要分析的字段:访问的资源、cookie(代表用户,因为ip是公网ip,很多人共用)、
步骤:
1、flume 采集数据,可以使用shell等脚本设置定时任务
2、对数据进行清洗
3、使用hive对数据进行分析(比如说外部分区表),自动执行
4、把hive分析的结果通过sqoop倒回到MySQL、hbase中
5、提供视图工具,类似报表
具体步骤:
1、启动要收集的节点上的flume
bin/flume-ng agent -n log -c conf -f conf/log.conf -Dflume.root.logger=INFO,console
2、将日志复制到flume采集的文件路径中(此步骤可以启动flume前和后都没有区别)
cp logtest.txt test/
3、hive中创建表(创建表时要指定不同的location,而且location是目录,直接指定到flume采集到hdfs的路径后,则不需要第四步)
CREATE EXTERNAL TABLE if not exists flume_ip_"%Y%m%d"(
remote_addr STRING,
http_marketChannelName STRING,
http_hwMac STRING,
http_x_forwarded_for STRING
)ROW FORMAT DELIMITED FIELDS TERMINATED BY '|' LINES TERMINATED BY '\n' location '/flume/ip/%Y%m%d';
4、将hdfs导入hive中
LOAD DATA INPATH '/flume/20160512' into table log_analyze;
5、每个用户收看的数量排名
create table UserSort row format delimited fields terminated by '\t' as select *,count(http_marketChannelName) as ChannelNum from log_analyze group by http_hwMac having ChannelNum >=2 order by ChannelNum desc limit 10;
直接create 不能指定列名,可以这样解决(无需再次以某种格式分割字段)
create table UserSort(http_hwMac string,channelnum1 bigint,channelnum2 bigint);
insert into table UserSort select *,count(http_marketChannelName) as ChannelNum from flume_ip_$date group by http_hwMac having ChannelNum >=2 order by ChannelNum desc limit 10;
6、每个用户收看的不同渠道排名
create table ChannelSort row format delimited fields terminated by '\t' as select *,count(http_marketChannelName) as ChannelNum from log_analyze group by http_marketChannelName ,http_hwMac having ChannelNum >=2 order by ChannelNum desc limit 10;
create table flume_ip_$date_ChannelSort(http_marketChannelName string,http_hwMac string, ChannelNum1 bigint, ChannelNum2 bigint)

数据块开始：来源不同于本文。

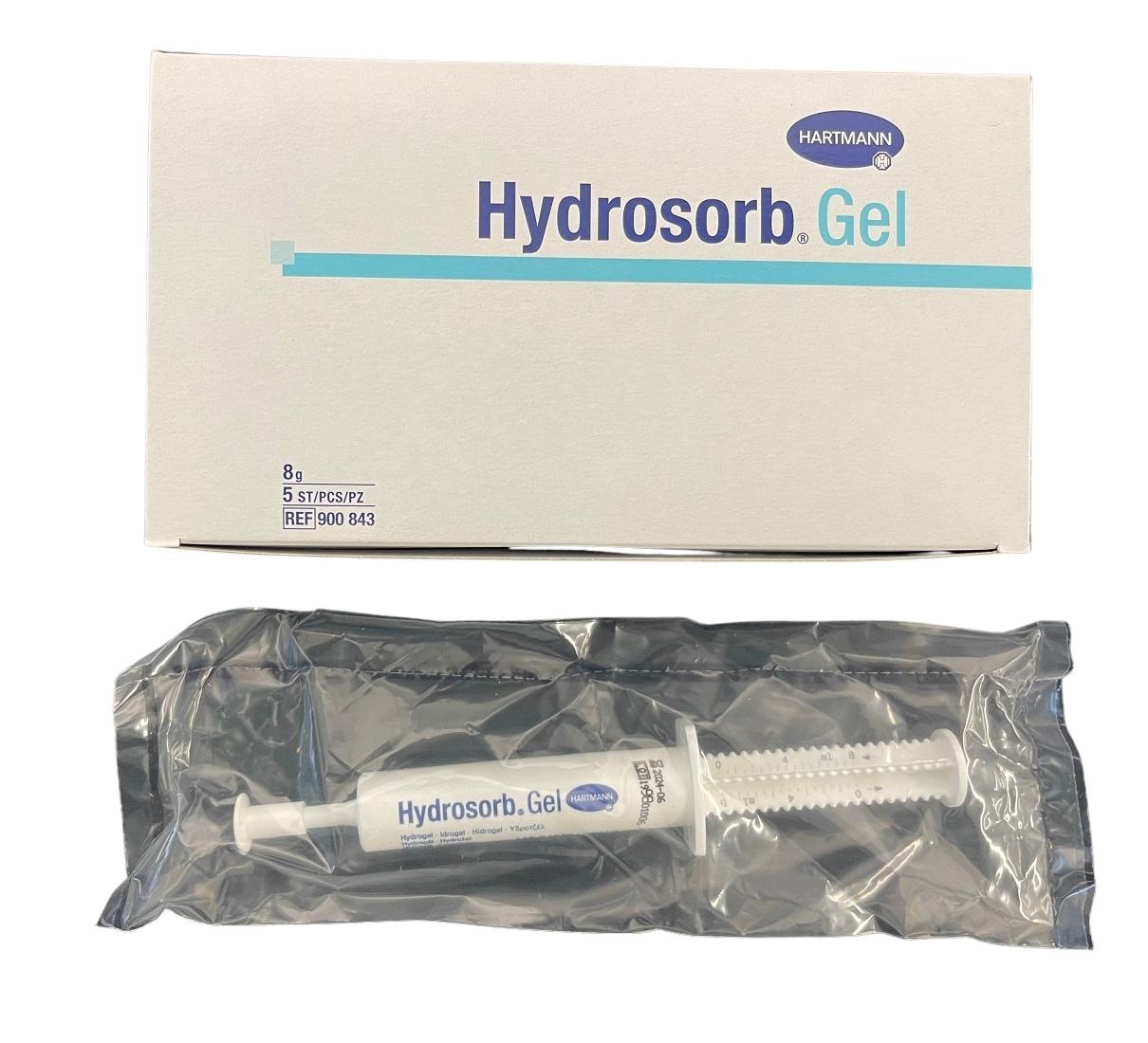 Hydrosorb Gel is a clear, viscous, sterile gel whose components are water with an electrolytic composition. It is individually sealed and for single use. Hydrosorb Gel provides a moist wound environment and supports wound healing. Hydrosorb Gel can be washed away using sterile rinsing solution without disturbing the rest of the wound. Hydrosorb Gel can be used to soften and hydrate dry necrotic tissue, facilitates removal of devitalized tissue and absorbs wound exudate of slightly exuding wounds.

insert into table flume_ip_$date_ChannelSort select *,count(http_marketChannelName) as ChannelNum from flume_ip_$date group by http_marketChannelName ,http_hwMac having ChannelNum >=2 order by ChannelNum desc limit 10;
7、每个用户观看的详细信息
select * from log_analyze where trim(http_hwMac)='zhangsan';
8、每个渠道有多少用户观看
create table ChannelUserSort row format delimited fields terminated by '\t' as select *,count(http_hwMac) as UserNum from log_analyze group by http_marketChannelName having UserNum >=2 order by UserNum desc limit 10;
create table ChannelUserSort_ip_$date(http_marketChannelName string,UserNum bigint,num bigint);
insert into table ChannelUserSort_ip_$date select *,count(http_hwMac) as UserNum from log_analyze group by http_marketChannelName having UserNum >=2 order by UserNum desc limit 10;
每个渠道下,不同的设备类型的排名
create table nginx_20160523_ChannelModelTypeSort(http_marketChannelName string,http_hwModel string,ModelTypeNum bigint);
insert into table nginx_20160523_ChannelModelTypeSort select http_marketChannelName,http_hwModel,count(*) as ModelNum from nginx_20160523 group by http_marketChannelName,http_hwModel having ModelNum>=50 order by ModelNum desc limit 20;
9、追加当天的另一台服务器的日志到当前的记录中(重复上述步骤,注意是第二次创建的表)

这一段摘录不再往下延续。